惱羞成怒的黑鐵級超凡趙警官當下起身就要拔刀。
「嘶啦~」一聲刺耳的聲音傳來,手臂上一陣劇痛,定睛一看,不知道什麼成分的藥液,就好似膠水一般牢牢的扯住手臂,將他硬是粘在原地動彈不得。
「我說了,是你逼我的!」辛吉德高大的身軀彷彿怪獸一般,抱住身邊的一根承重柱,猛地搖晃幾下,那幾乎以噸為重量的鋼柱硬是被他拔了起來,他抄著那根巨柱,皸裂的皮膚上鮮血流淌,但他本人卻就跟沒有痛覺一樣,發出可怖的笑聲,他一手攬著那根臨時武器,另一隻手頂開腰間一瓶冒著氣泡的藥劑。
一邊向嘴巴里灌,一邊大步向趙奉節走來:「你根本不知道你毀掉了什麼!!!」說著,他一把拋掉空瓶,低吼一聲,雙手高高發力,狠狠的將巨柱砸向了趙奉節。
巨大的轟鳴捲動空氣,鋼柱橫掃的路徑上,一切器械和工廠建築都被輕而易舉的砸碎,帶著摧枯拉朽的氣勢砸了過來。

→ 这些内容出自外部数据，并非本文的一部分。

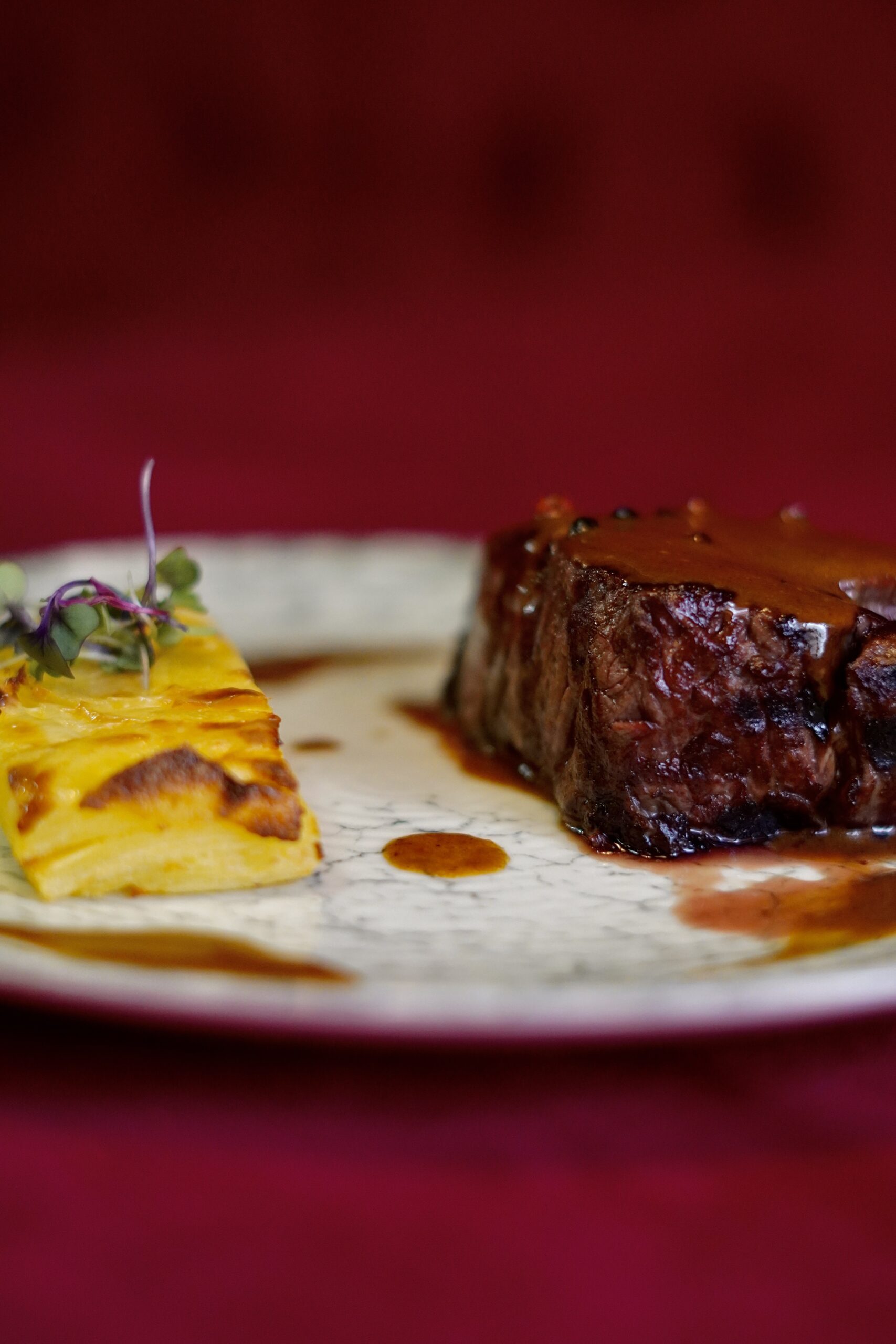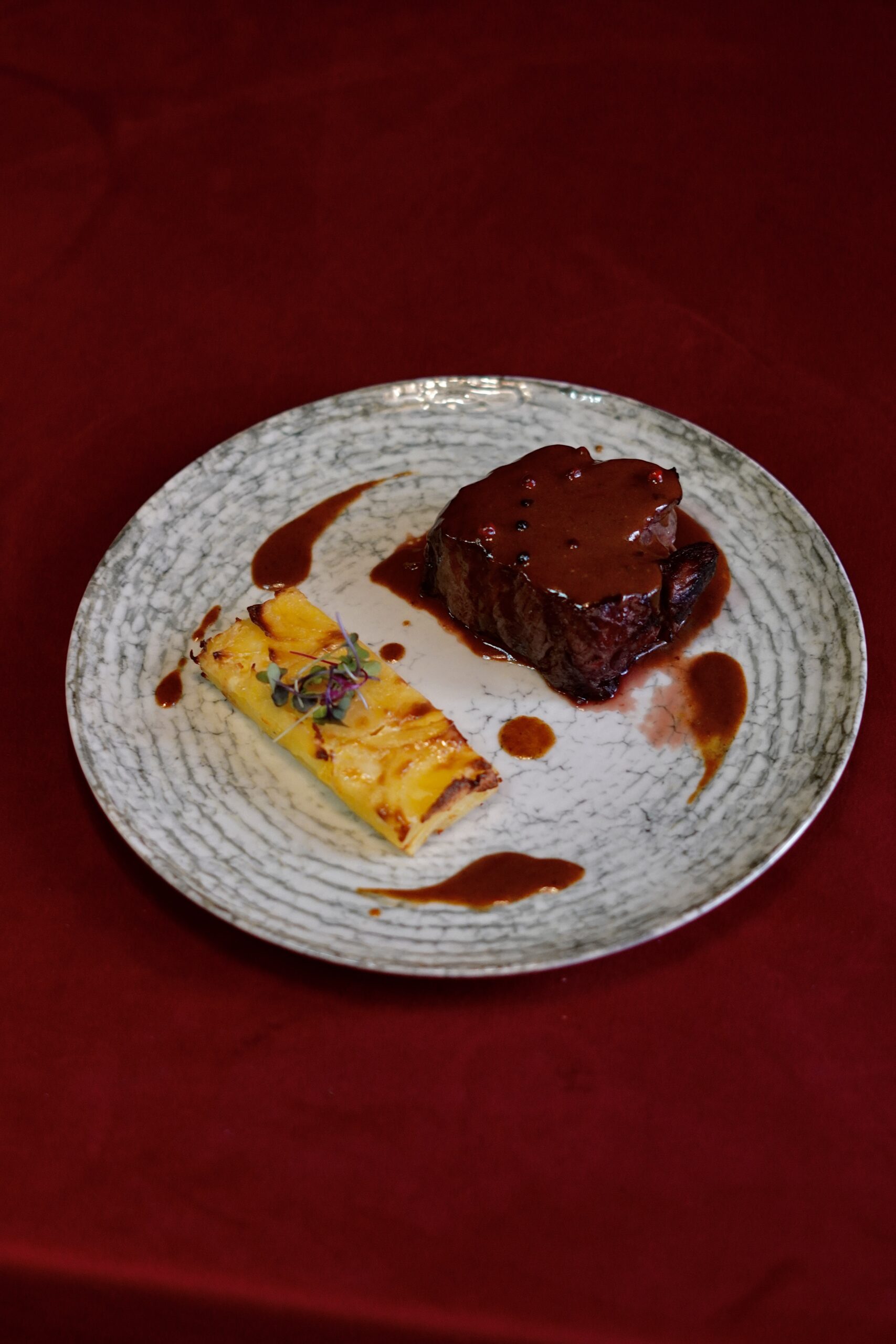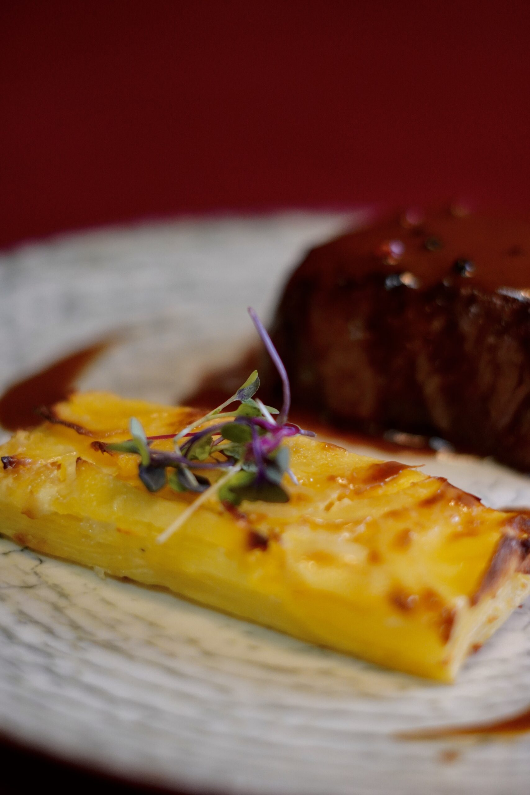 35€Con salsa de yogurt y menta, remolacha asada y soufflé de piel de salmón.
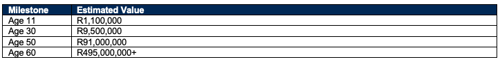 - Growth during this period: Because the market compounds as you add money, the account value by age 11 wouldn't just be R500k; with 12% growth, it would be approximately R1.1 Million.

「這個!」辛吉德臉上帶著癲狂:「也許有點痛!!!!」
「痛你媽了個巴子!」趙奉節的怒吼中,肺葉劇烈膨脹,肋腔擴張,積蓄其中的金氣伴隨著趙奉節不計後果的催動,糾纏絞結在一起,若是此時將他刨開,就能看到肺腑表面已經近乎於化為純粹的金白色,血肉的紋理都彷彿是鍛爐鑄造出來一般。
「給爺死!!!」
一道光炮般的金氣脫口而出,吐息在空氣里瘋狂增長。
金氣貫空,璀璨如虹,從趙奉節吐劍到金氣轟鳴只是剎那,脫口時一股,及體已經化作將整個視野佔據的龐大劍氣。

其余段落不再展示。